Oil Marketing Companies (OMCs) are appealing for an extension of the payment date of some taxes.
The OMCs contend that the current twenty-one day period for payment of taxes such as the Special Petroleum Tax, is adversely impacting their operations.
According to the CEO of the Association of Oil Marketing Companies (AOMCs), Mr. Kwaku Agyeman Duah, the situation has also compelled some market operators to borrow from banks to meet the timelines.
The request by the OMCs came in a response to Citi Business News question on major expectations in the 2018 budget to be presented to Parliament in November.
“The problem that we have as OMCs is the number of days that we need to pay the taxes; it is so restrictive, it’s unpalatable and it squeezes us so much especially when you are not making the sales. We have the situation where even when you have not finished selling the products, you will need to pay the taxes but where do you get the money from? It means you would have to go to the banks again to borrow money and pay,” Mr. Agyeman Duah told Citi Business News.
He added that he is however hopeful of a major change following continuous discussions with the government.
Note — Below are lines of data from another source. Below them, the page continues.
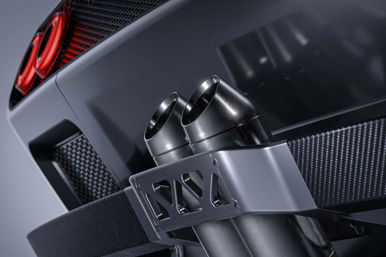 Die charakteristischen Klappscheinwerfer, mussten modernen LED-Scheinwerfern weichen, lassen sich aber in Anlehnung ans Original über einen Klappmechanismus öffnen und schließen. Eine deutliche Änderung musste auch das Heck über sich ergehen lassen. Zum Highlight werden hier die zentralen Endrohre einer Auspuffanlage von Capristo.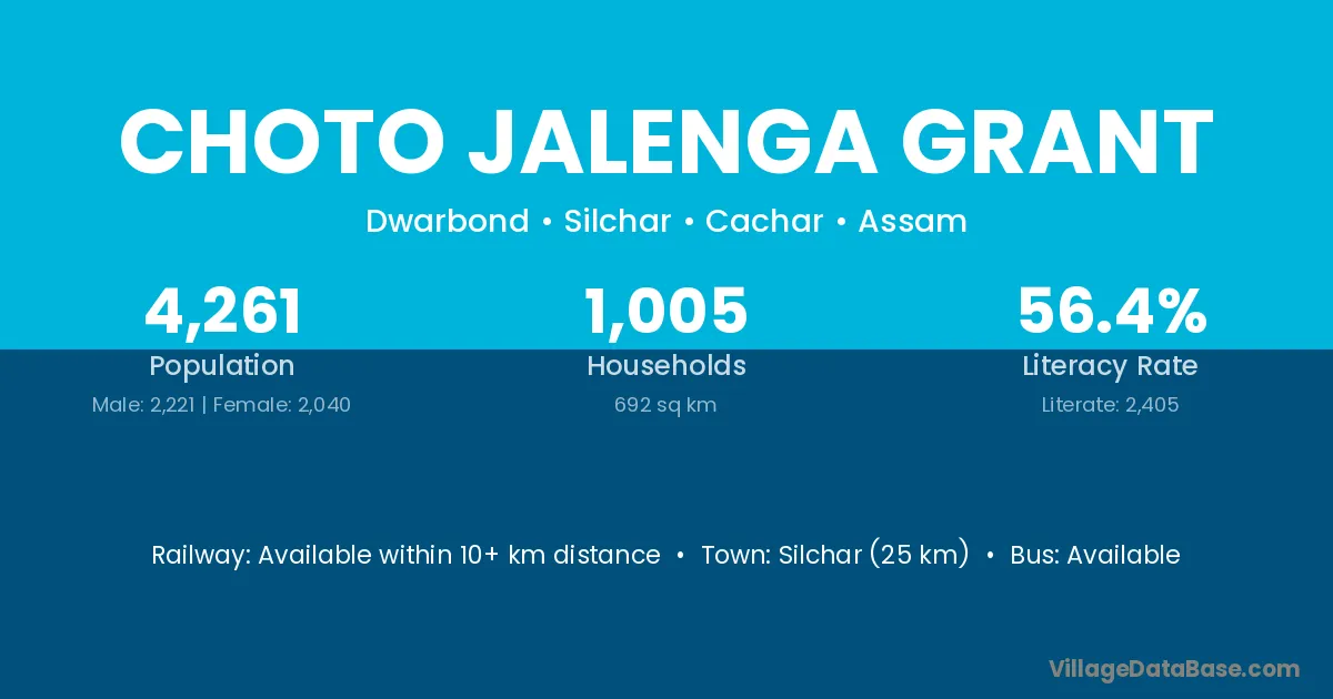 Silchar (25 km) is the nearest town to Choto Jalenga Grant village for major economic activities and is located approximately 25 km away.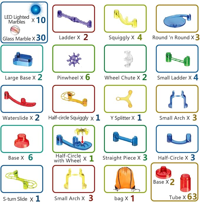 - Meland marble run set includes 113 marble building pieces, 30 glass marbles and 10 led lighted marbles. Marble tracks include action pieces, squiggly, wheels, Y-splitter, S-turn slide, centrifugal funnels, U-turn slides, windmills, straight slides and gradient slides, height 70cm or so for much more fun. Just build various towers and see marbles go up, down, all around, and fast!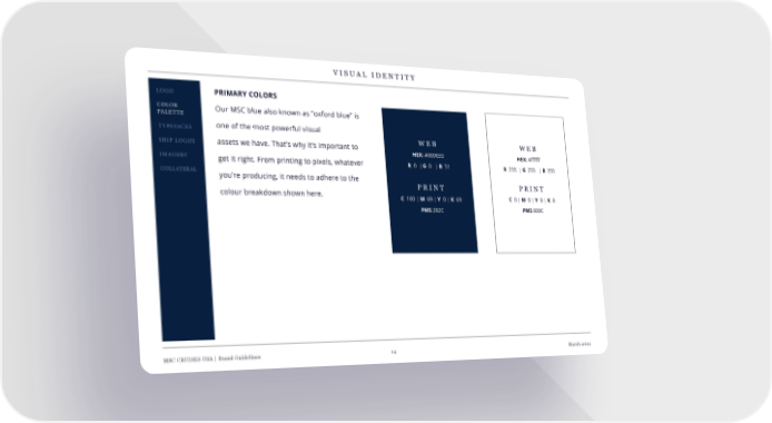 VISUAL IDENTITY LOGO PRIMARY COLORS COLOR Our MSC blue also known as “oxford blue” is PALETTE TYPEFACES one of the most powerful visual WEB WEB SHIP LOGOS assets we have. That’s why it’s important to HEX: #000033 HEX: #ffffff IMAGERY get it right. From printing to pixels, whatever R 0 | G 0 | B 51 R 255 | G 255 | B 255 COLLATERAL you’re producing, it needs to adhere to the PRINT PRINT colour breakdown shown here. C 100 | M 69 | Y 0 | K 69 C 0 | M 0 | Y 0 | K 0 PMS 282C PMS 000C MSC CRUISES USA | Brand Guidelines 14 March 2022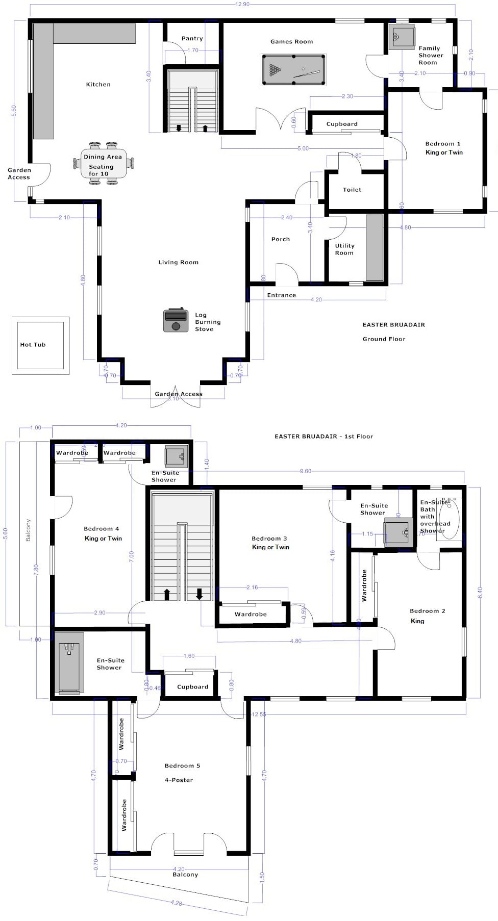 5 en-suite bedrooms, with games room. Accommodates 10 guests + cot. Built and furnished to the highest standard and designed for those accustomed to luxury living. Commanding views to our own Mains of Taymouth Golf Course with south facing garden.

“This is something which has been a cyclical thing which is worrying us so we are having discussions with government which we hope to get the number of days which is about twenty-one to twenty –five days, extended to at least thirty-one days.”
The government in the 2017 budget, reduced the Special Petroleum Tax for downstream petroleum sector players to 15% from the 17.5%.
This is among others to relieve the operators of the burden and also cushion consumers in times of price surge on the global market.
Aside the Special Petroleum Tax, retailers of petroleum products are expected to charge; Excise duty, road fund, energy fund, energy debt recovery levy as well as Price stabilisation and recovery levy as part of the taxes and levies components for the price build up.
Meanwhile the AOMC boss tells Citi Business News his side is not anticipating any major tax reductions to be announced in the 2018 budget.